(What the task asks): Restate word for word each line from the one containing "Gallery II Vinyl" through the end of the material, and nothing more. Drop every picture.

(Input records):

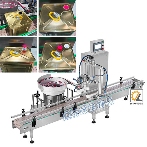 此款壓蓋機適用于機油桶塑料伸縮蓋的壓蓋。使用振動盤將瓶蓋送入瓶口,然后按下瓶蓋,將瓶蓋和瓶子緊緊密封。
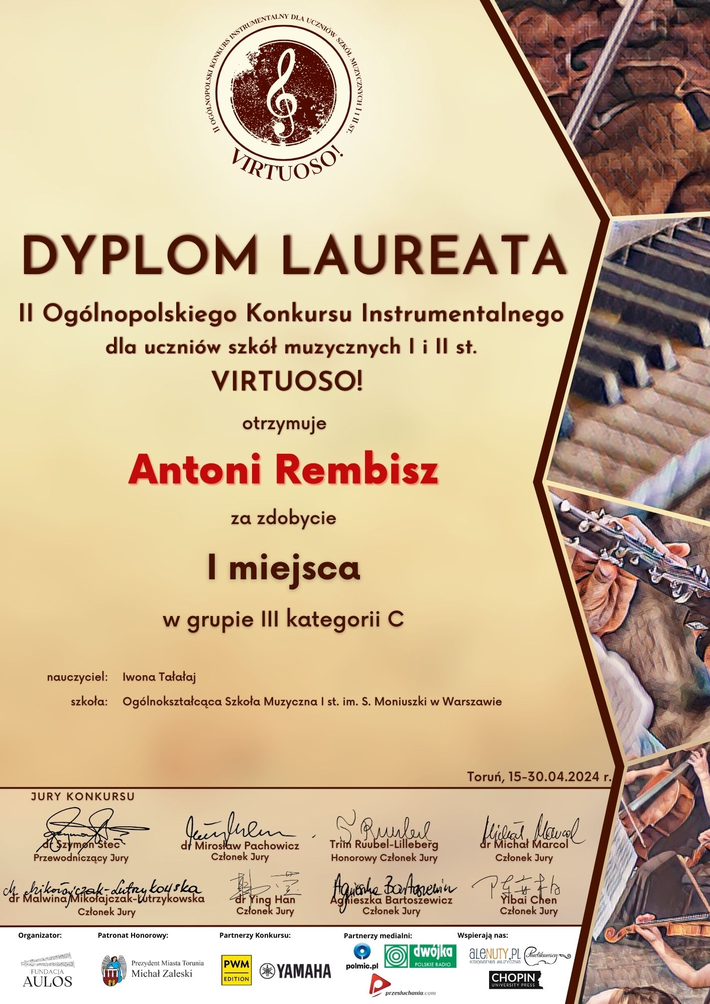 Antoni Rembisz z klasy 5 zdobył I miejsce w grupie III w kategorii C w II Ogólnopolskim Konkursie Instrumentalnym VIRTUOSO dla uczniów szkół muzycznych I i II st.
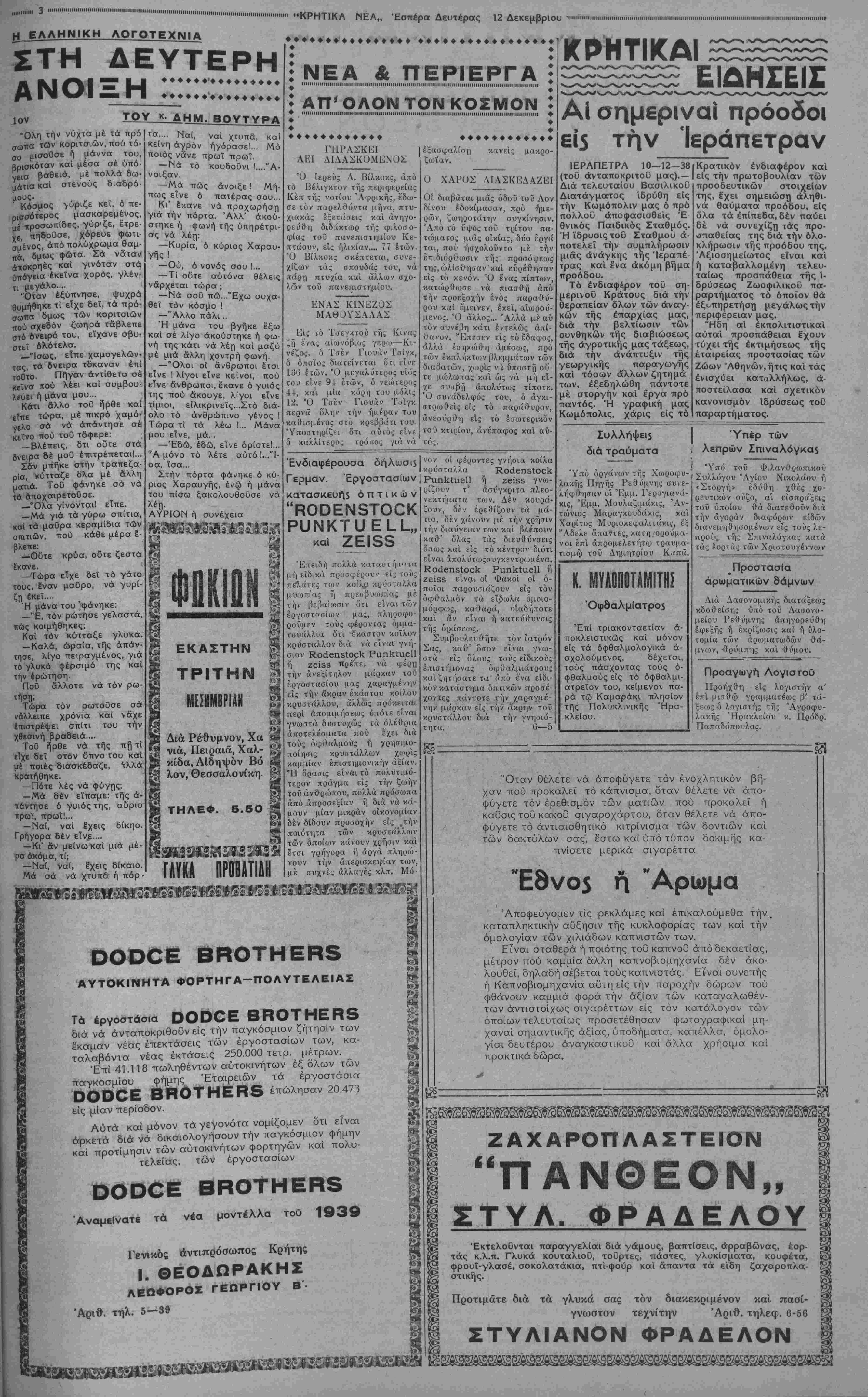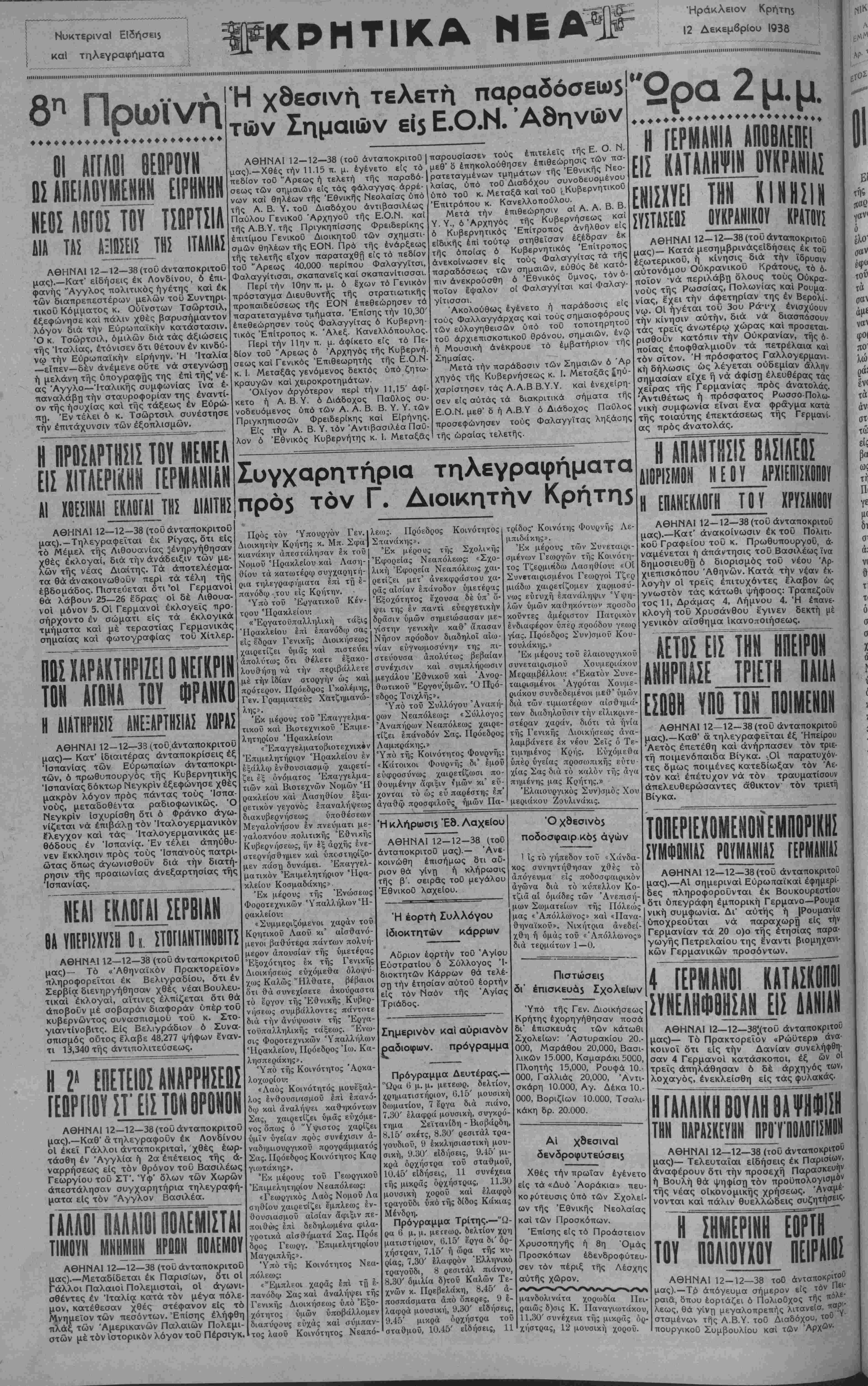 ΑΘΗΝΑΙ 12—12—38|(τοΟ ανταποκριτού
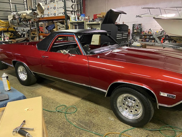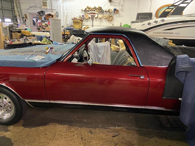 Gallery II Vinyl Roof on a ’68 El Camino Boat work Other Projects We Also do Hydro Dipping! Hydro Dip on a Subaru Candy Red Carbon Fiber
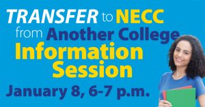 To learn more about transferring in to Northern Essex or the January 8 event, visit the website, or contact admissions, 978 556-3700 or admissions@necc.mass.edu.

(Your solution):
 Gallery II Vinyl Roof on a ’68 El Camino Boat work Other Projects We Also do Hydro Dipping! Hydro Dip on a Subaru Candy Red Carbon Fiber
 To learn more about transferring in to Northern Essex or the January 8 event, visit the website, or contact admissions, 978 556-3700 or admissions@necc.mass.edu.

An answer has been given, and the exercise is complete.